Try it -> Leaving pictures aside, restate exactly the lines of the data below, from the first one through the line that contains "就在刚刚过去的2020年的三".

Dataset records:
⟨
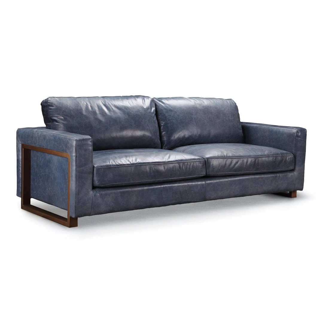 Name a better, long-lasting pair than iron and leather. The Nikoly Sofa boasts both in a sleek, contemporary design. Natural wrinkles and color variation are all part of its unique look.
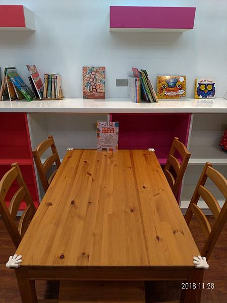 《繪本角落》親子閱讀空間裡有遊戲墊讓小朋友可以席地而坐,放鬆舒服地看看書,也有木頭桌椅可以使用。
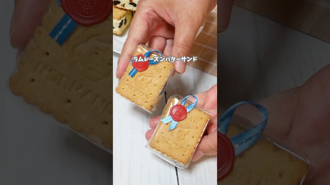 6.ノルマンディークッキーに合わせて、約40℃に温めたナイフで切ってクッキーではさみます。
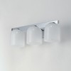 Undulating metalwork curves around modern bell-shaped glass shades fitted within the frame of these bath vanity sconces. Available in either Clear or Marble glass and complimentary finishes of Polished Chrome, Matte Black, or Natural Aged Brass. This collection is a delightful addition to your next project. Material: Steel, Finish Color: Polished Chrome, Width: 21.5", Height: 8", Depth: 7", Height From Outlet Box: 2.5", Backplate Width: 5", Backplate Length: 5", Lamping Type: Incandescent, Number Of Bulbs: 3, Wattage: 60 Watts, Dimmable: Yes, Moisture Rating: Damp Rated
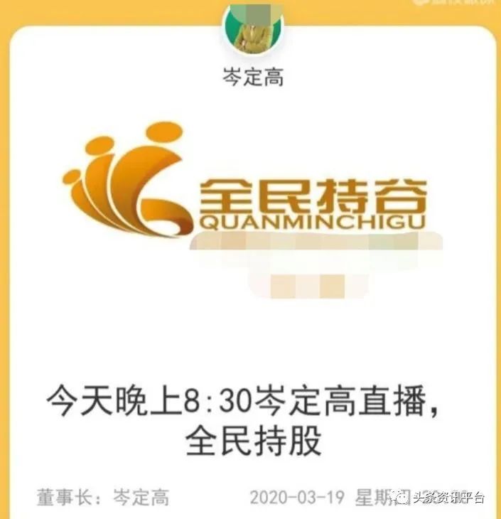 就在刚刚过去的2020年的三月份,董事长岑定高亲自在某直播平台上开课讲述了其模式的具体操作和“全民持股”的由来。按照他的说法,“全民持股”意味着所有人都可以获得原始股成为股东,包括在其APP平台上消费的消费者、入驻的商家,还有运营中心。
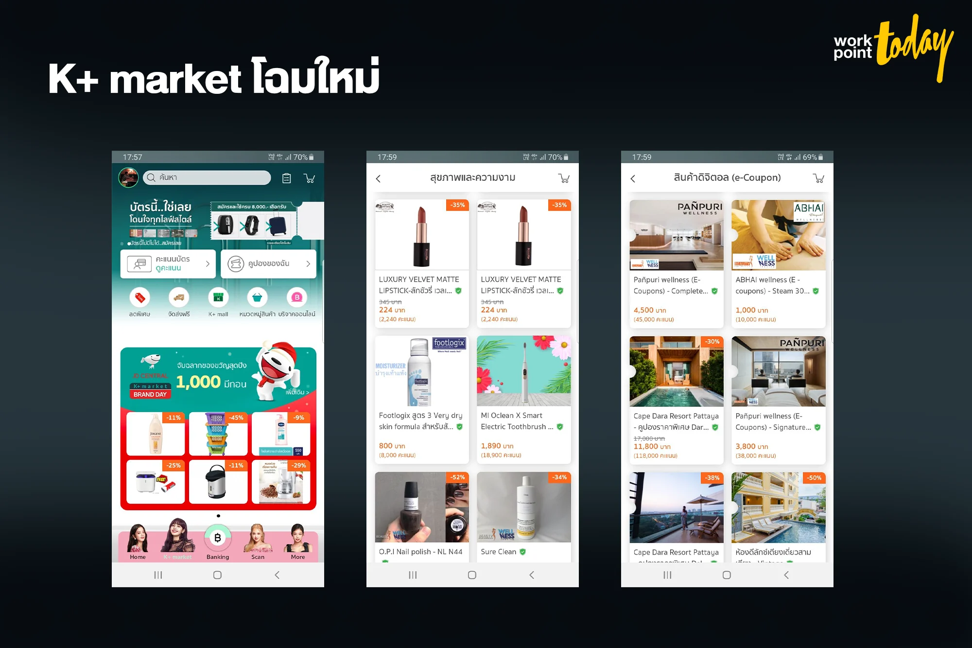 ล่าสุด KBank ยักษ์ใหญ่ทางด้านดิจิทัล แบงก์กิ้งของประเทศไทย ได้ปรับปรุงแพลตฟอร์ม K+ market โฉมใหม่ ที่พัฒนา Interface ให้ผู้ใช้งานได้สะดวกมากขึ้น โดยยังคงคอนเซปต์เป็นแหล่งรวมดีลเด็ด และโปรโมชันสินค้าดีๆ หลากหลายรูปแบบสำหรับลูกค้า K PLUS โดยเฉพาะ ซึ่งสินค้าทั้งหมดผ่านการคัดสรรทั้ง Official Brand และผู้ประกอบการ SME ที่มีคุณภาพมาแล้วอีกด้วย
⟩
Response to this exercise ->
 Name a better, long-lasting pair than iron and leather. The Nikoly Sofa boasts both in a sleek, contemporary design. Natural wrinkles and color variation are all part of its unique look.
 《繪本角落》親子閱讀空間裡有遊戲墊讓小朋友可以席地而坐,放鬆舒服地看看書,也有木頭桌椅可以使用。
 6.ノルマンディークッキーに合わせて、約40℃に温めたナイフで切ってクッキーではさみます。
 Undulating metalwork curves around modern bell-shaped glass shades fitted within the frame of these bath vanity sconces. Available in either Clear or Marble glass and complimentary finishes of Polished Chrome, Matte Black, or Natural Aged Brass. This collection is a delightful addition to your next project. Material: Steel, Finish Color: Polished Chrome, Width: 21.5", Height: 8", Depth: 7", Height From Outlet Box: 2.5", Backplate Width: 5", Backplate Length: 5", Lamping Type: Incandescent, Number Of Bulbs: 3, Wattage: 60 Watts, Dimmable: Yes, Moisture Rating: Damp Rated
 就在刚刚过去的2020年的三月份,董事长岑定高亲自在某直播平台上开课讲述了其模式的具体操作和“全民持股”的由来。按照他的说法,“全民持股”意味着所有人都可以获得原始股成为股东,包括在其APP平台上消费的消费者、入驻的商家,还有运营中心。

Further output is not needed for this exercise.